Island of Greece in the north of the Aegean Sea, 10 km/6 mi from the mouth of the River Nestos, the boundary between Thrace and Macedonia; area 378 sq km/150 sq mi. It is part of the department of Kavala, in the province of Macedonia. The capital is Límen. The island is of volcanic origin and is mountainous and forested. Sheep and goats are raised, and olive oil and wine are the chief agricultural products. Thyme-scented honey is also produced. The island has deposits of lead, zinc, and marble.

Thasos was ruled successively by Romans, Byzantines, and Turks before it was ceded to Greece in 1913.

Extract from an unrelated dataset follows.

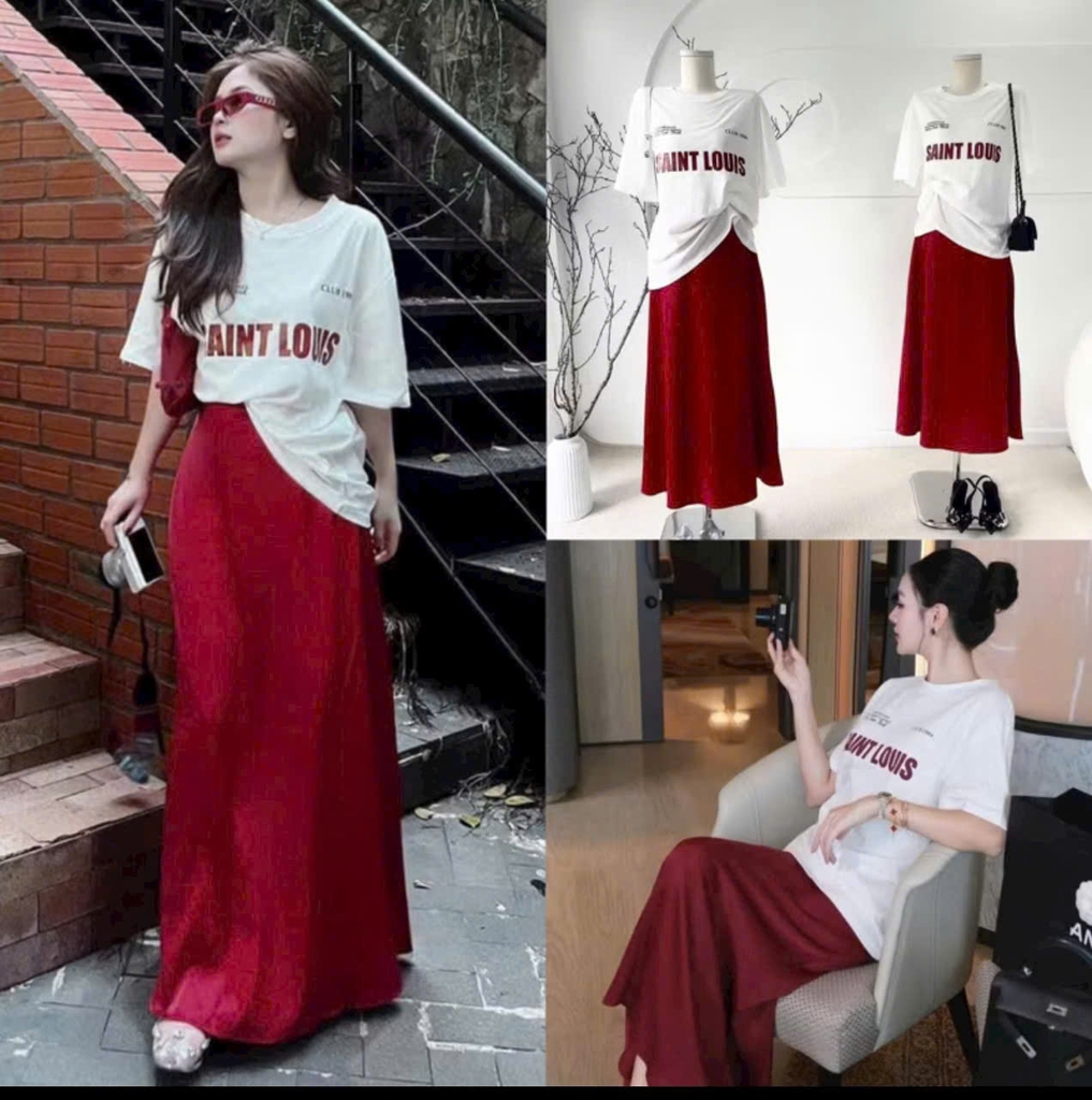 SET343-❗️SÉT ÁO CỘC TRẮNG CHỮ SAINT MIX CV ĐỎ❗️
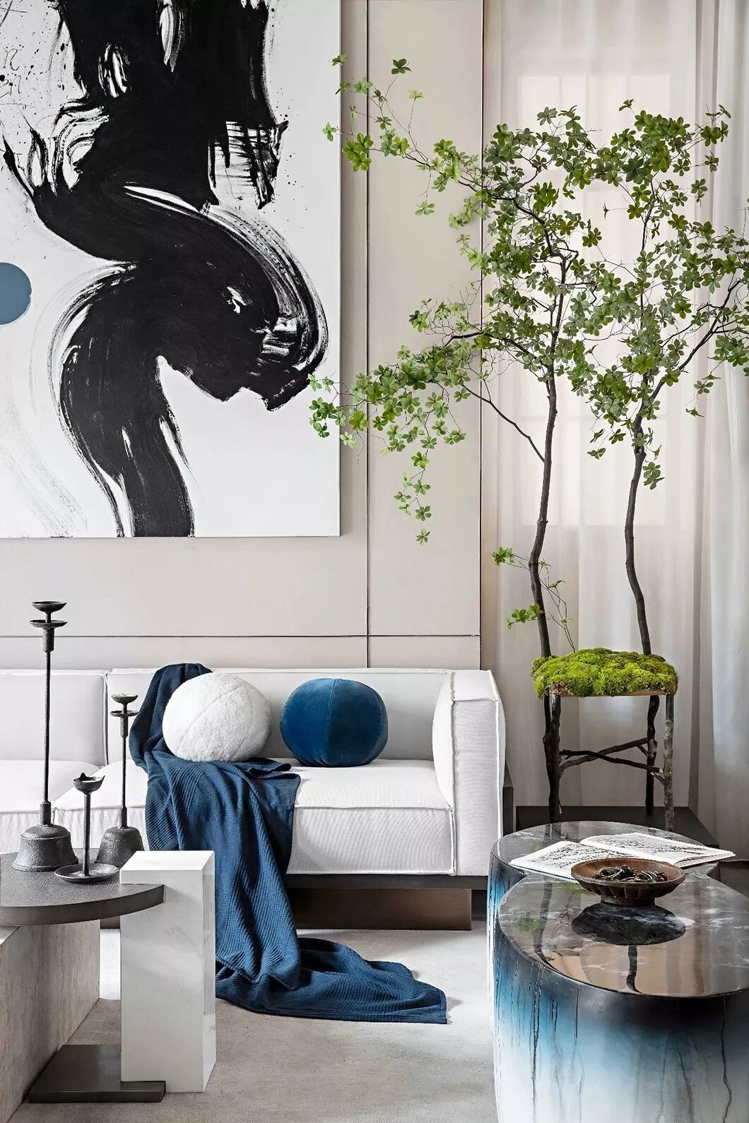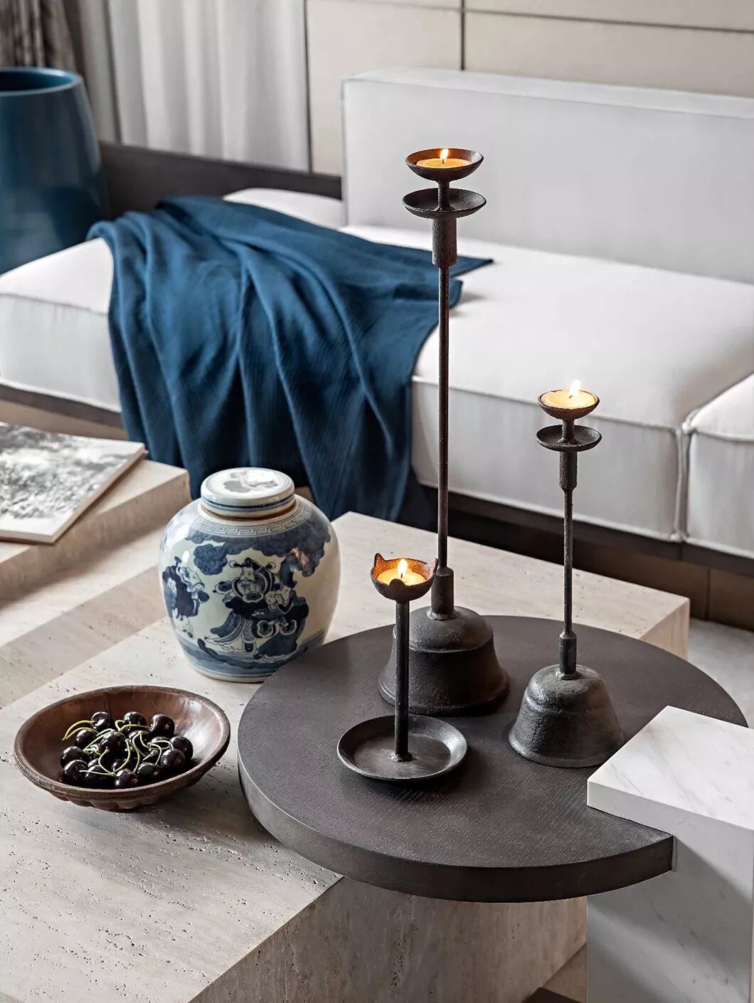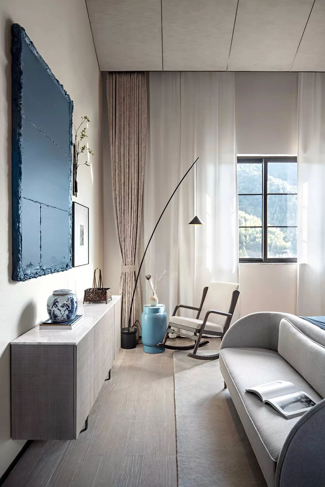 茶几上青花瓷器和其他蓝色摆件,汲取东方雅致意趣,将温婉优雅、精致极简暗藏于内,独领东方式美学风雅。

According to tradition Thásos was in early times occupied by Phoenicians, on account of its gold mines. Later it was colonized by Greeks from Paros (708 BC), and among the colonists was the poet Archilochus. In the 6th century BC the Thasians sent colonists to the Thracian mainland to exploit the gold mines, and were one of the richest and most powerful peoples in the northern Aegean. After subjugation by Persia in the Persian Wars (490–80 BC), Thásos regained its independence in 479 BC. It became part of the Delian League, a confederacy of Greek states under the leadership of Athens, from which it twice revolted (c. 465 and 411 BC). The island was finally restored to Athens in 409 BC. From about 340 BC until 196 BC it was a dependency of Macedonia, then became part of the Roman Empire. From the 4th century AD Thásos was part of the Byzantine Empire until it was captured by the Ottoman Turks in 1453. It became part of Greece in 1913.